L’onere probatorio che incombe sul condannato che formula istanza di rescissione del giudicato secondo la giurisprudenza di legittimità implica l’allegazione di documentazione a supporto a fronte della quale eventualmente il giudice investito della richiesta potrà procedere all’acquisizione di documentazione integrativa per chiarire aspetti ambigui e colmare eventuali lacune nella documentazione prodotta. A fronte, pertanto, della richiesta difensiva e della documentazione allegata, la Corte di appello avrebbe dovuto procedere all’acquisizione del fascicolo di primo grado e solo all’esito di tale acquisizione avrebbe potuto ritenere l’istanza manifestamente infondata.
Il ricorso, proposto successivamente al 30.6.2024, è stato trattato – ai sensi dell’art. 611 come modificato dal d.lgs. del 10.10.2022 n. 150 e successive integrazioni.
Il Sostituto Procuratore Generale presso questa Corte, con la requisitoria scritta pervenuta in atti, ha concluso chiedendo dichiararsi inammissibile il ricorso.
CONSIDERATO IN DIRITTO
1.Il ricorso è inammissibile.
Innanzitutto, occorre premettere che la nuova disposizione dell’art. 629bis, come sostituita dall’art. 37 comma 1 del d.lgs. del 10 ottobre 2022 n. 150, trova applicazione a decorrere dal 30.12.2022, ex art. 99-bis del medesimo d.lgs. così come modificato dall’art. 6 del d.l. 31 ottobre 2022 n. 162, convertito, con modificazioni, nella l. 30 dicembre 2022 n. 199.

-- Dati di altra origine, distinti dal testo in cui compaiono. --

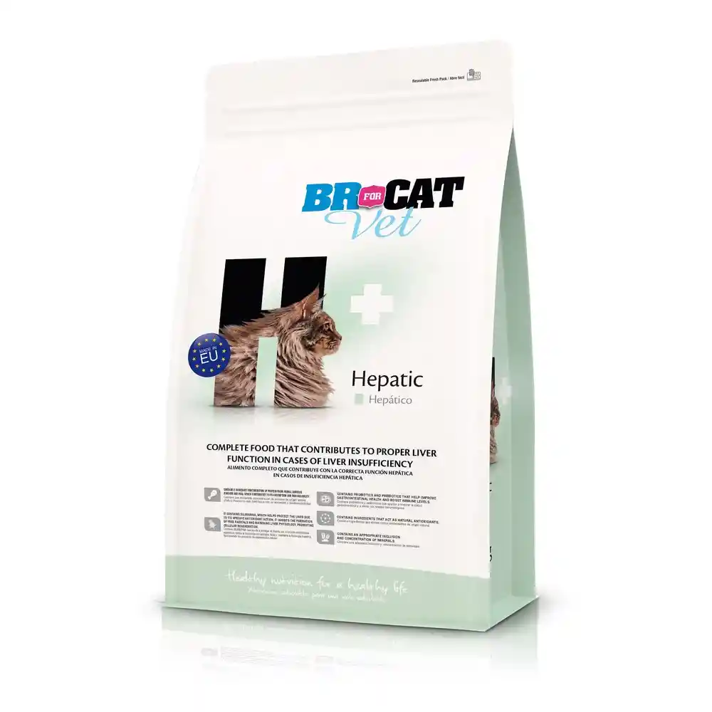 BR For Cat Veterinary Hepático es un alimento formulado para gatos con enfermedades o alteraciones del hígado, diseñado para apoyar la función hepática mediante una nutrición cuidadosamente balanceada. Su fórmula incorpora proteínas de alta digestibilidad y niveles controlados de ciertos minerales, ayudando a reducir la carga metabólica que el hígado debe procesar. Este alimento de la línea BR For Cat Veterinary incluye nutrientes funcionales como antioxidantes, vitaminas y ácidos grasos esenciales que contribuyen a proteger las células hepáticas y apoyar el metabolismo del organismo. Además, su formulación ayuda a mejorar la digestión y la absorción de nutrientes en gatos que presentan compromiso hepático. Está indicado como apoyo nutricional en enfermedades hepáticas, contribuyendo a mejorar la calidad de vida del gato mientras se maneja la condición bajo control veterinario.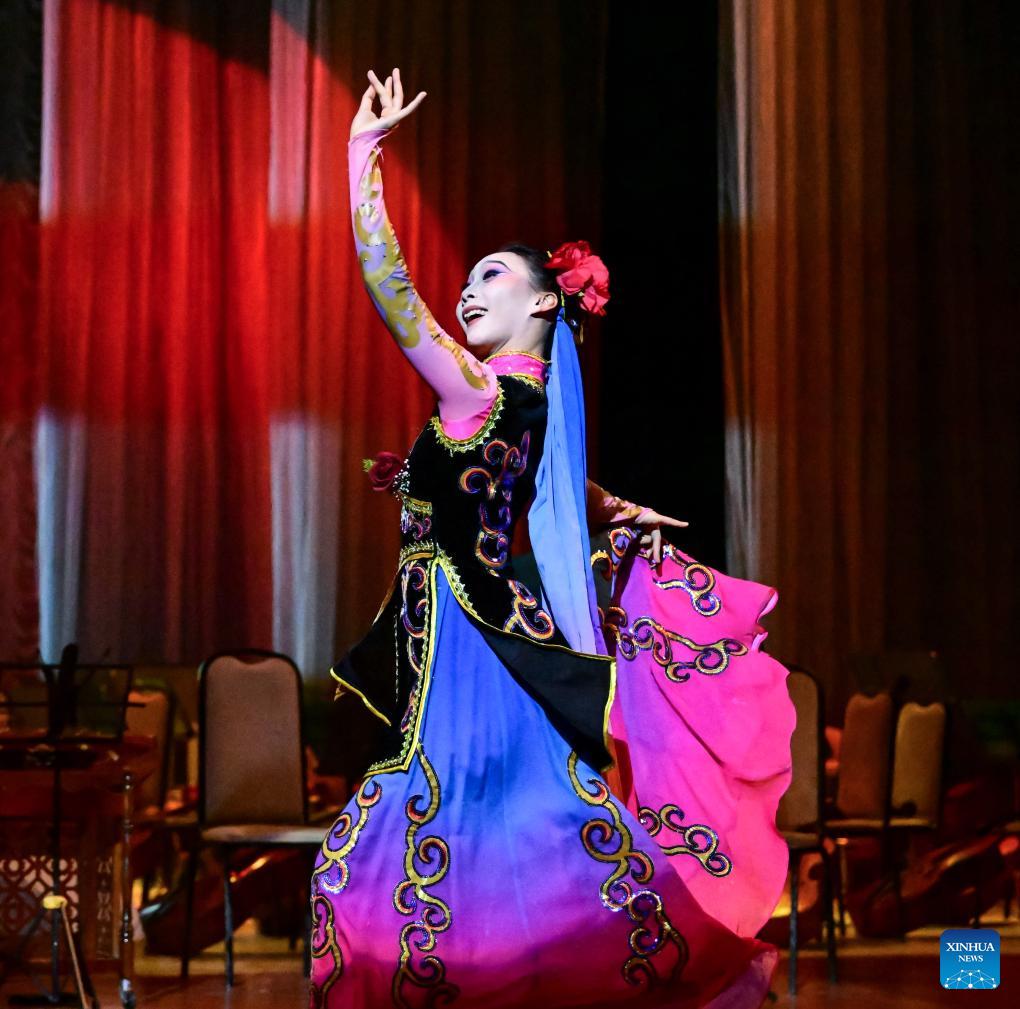 An artist performs a dance at a "Happy Chinese New Year" celebration event in Ashgabat, Turkmenistan, Feb. 23, 2026. (Chinese Embassy in Turkmenistan/Handout via Xinhua)

L’elemento decisivo, ai fini dell’applicazione della disciplina previgente o successiva in tema di processo in assenza, è stato individuato, dal legislatore della riforma, nella dichiarazione di assenza. L’art. 89, comma 1, d.lgs. 10 ottobre 2022, n. 150 fissa, infatti, come regola generale che se nel processo pendente è già stata pronunziata, in qualsiasi stato e grado del procedimento e prima dell’entrata in vigore del d.lgs. 10 ottobre 2022, n. 150, l’ordinanza dichiarativa dell’assenza continueranno ad applicarsi le norme introdotto dalla legge 28 aprile 2014, n. 67 anche con riferimento alla disciplina dei mezzi di impugnazione, comprese le norme relative alle nullità in appello, alla rescissione del giudicato ed alla sospensione della prescrizione, a seguito della sospensione del processo, ai sensi della formulazione ante riforma dell’art 159 c.p. comma 1, n. 3 bis.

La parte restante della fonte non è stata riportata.